→ **ACTIVITY**
Taking the entries below, transcribe only the lines starting with the one with "7. 胚胎干细胞是一种未分化" and going on through the one with "Jizzakh Auto: 65", exactly as written, without the pictures.

─── EXTRACTED MATERIAL ───

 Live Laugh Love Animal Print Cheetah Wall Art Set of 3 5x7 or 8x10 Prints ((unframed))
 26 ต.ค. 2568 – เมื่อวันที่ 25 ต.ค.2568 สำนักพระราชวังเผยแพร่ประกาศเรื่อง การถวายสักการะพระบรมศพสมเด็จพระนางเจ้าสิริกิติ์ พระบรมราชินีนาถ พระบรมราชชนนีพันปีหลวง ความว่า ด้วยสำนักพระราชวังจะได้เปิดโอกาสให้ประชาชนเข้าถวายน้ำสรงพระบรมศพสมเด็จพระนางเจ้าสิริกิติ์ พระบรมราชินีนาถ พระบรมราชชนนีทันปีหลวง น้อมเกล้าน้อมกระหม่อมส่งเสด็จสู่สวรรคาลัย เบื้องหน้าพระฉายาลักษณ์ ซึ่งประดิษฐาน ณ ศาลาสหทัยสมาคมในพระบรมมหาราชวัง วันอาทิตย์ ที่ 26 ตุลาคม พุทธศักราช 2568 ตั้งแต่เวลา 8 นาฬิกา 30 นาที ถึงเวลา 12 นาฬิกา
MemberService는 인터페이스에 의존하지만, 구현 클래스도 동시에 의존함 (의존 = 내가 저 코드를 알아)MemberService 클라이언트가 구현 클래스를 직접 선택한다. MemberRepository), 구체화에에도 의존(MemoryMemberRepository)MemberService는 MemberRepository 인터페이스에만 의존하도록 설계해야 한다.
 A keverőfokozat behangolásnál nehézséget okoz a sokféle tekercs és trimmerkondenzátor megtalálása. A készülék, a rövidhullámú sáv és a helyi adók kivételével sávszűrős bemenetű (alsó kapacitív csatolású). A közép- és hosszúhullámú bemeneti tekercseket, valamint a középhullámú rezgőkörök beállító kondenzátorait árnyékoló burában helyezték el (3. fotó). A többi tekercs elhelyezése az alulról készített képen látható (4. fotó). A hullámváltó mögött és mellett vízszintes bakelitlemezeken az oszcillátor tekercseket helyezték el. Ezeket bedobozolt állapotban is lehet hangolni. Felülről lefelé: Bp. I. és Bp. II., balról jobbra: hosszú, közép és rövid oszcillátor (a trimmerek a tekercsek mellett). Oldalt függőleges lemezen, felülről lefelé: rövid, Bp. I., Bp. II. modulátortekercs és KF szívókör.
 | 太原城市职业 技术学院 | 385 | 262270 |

───
─── EXTRACTED MATERIAL ───

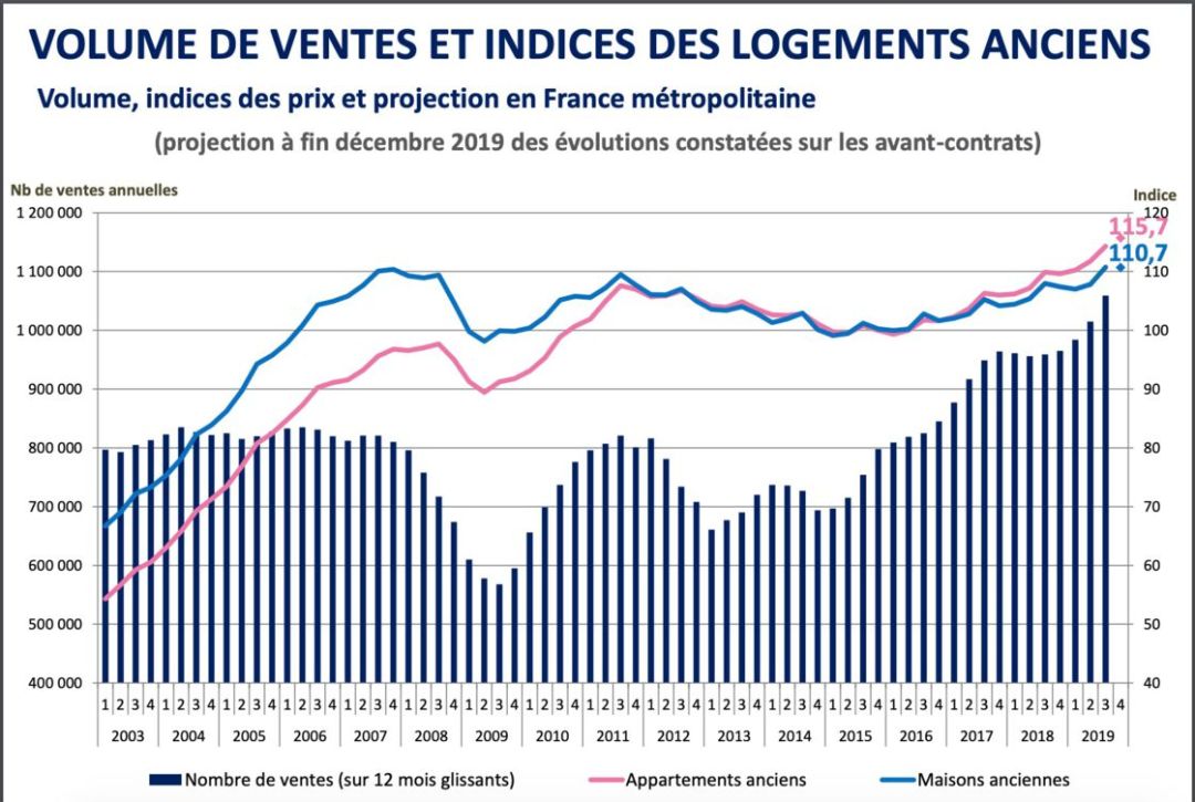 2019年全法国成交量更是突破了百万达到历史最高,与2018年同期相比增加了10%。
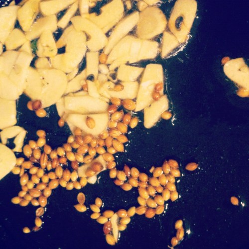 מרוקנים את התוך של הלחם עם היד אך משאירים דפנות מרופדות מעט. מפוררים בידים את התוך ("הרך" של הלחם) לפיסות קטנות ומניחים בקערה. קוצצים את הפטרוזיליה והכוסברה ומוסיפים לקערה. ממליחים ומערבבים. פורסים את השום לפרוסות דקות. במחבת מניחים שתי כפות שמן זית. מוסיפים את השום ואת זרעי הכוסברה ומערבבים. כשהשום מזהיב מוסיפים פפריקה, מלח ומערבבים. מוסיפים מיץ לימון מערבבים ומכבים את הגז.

───
─── EXTRACTED MATERIAL ───

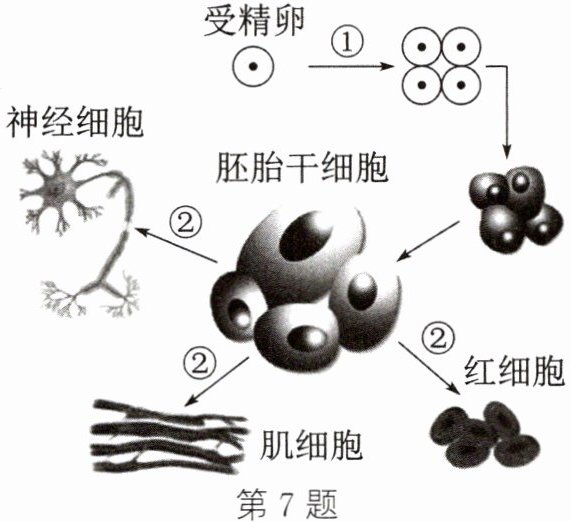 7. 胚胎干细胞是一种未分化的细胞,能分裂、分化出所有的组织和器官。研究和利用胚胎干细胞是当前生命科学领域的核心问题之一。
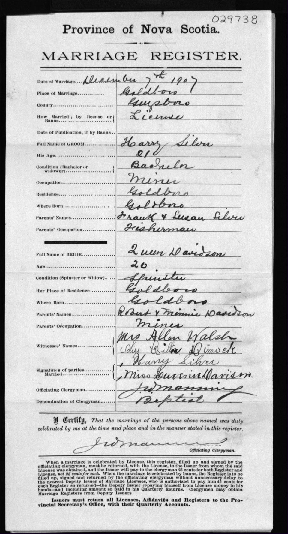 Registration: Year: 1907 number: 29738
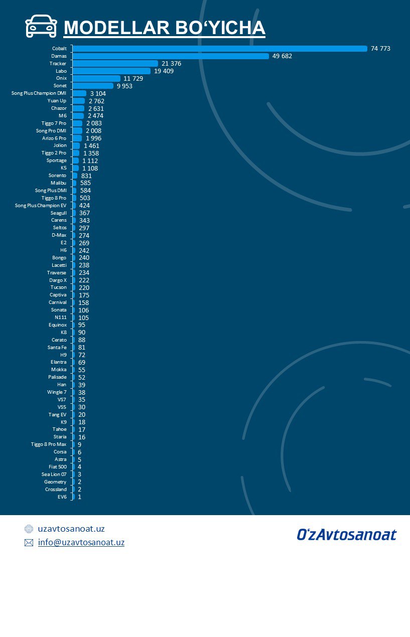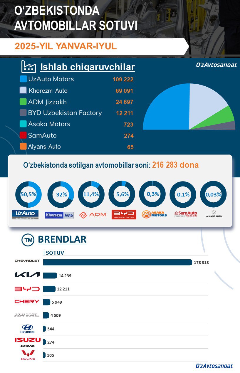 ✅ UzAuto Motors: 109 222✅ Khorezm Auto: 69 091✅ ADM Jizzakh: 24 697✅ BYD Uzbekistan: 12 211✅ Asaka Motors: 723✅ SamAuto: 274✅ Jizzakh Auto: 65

───

→ **ANSWER TO THE EXERCISE**
 7. 胚胎干细胞是一种未分化的细胞,能分裂、分化出所有的组织和器官。研究和利用胚胎干细胞是当前生命科学领域的核心问题之一。
 Registration: Year: 1907 number: 29738
 ✅ UzAuto Motors: 109 222✅ Khorezm Auto: 69 091✅ ADM Jizzakh: 24 697✅ BYD Uzbekistan: 12 211✅ Asaka Motors: 723✅ SamAuto: 274✅ Jizzakh Auto: 65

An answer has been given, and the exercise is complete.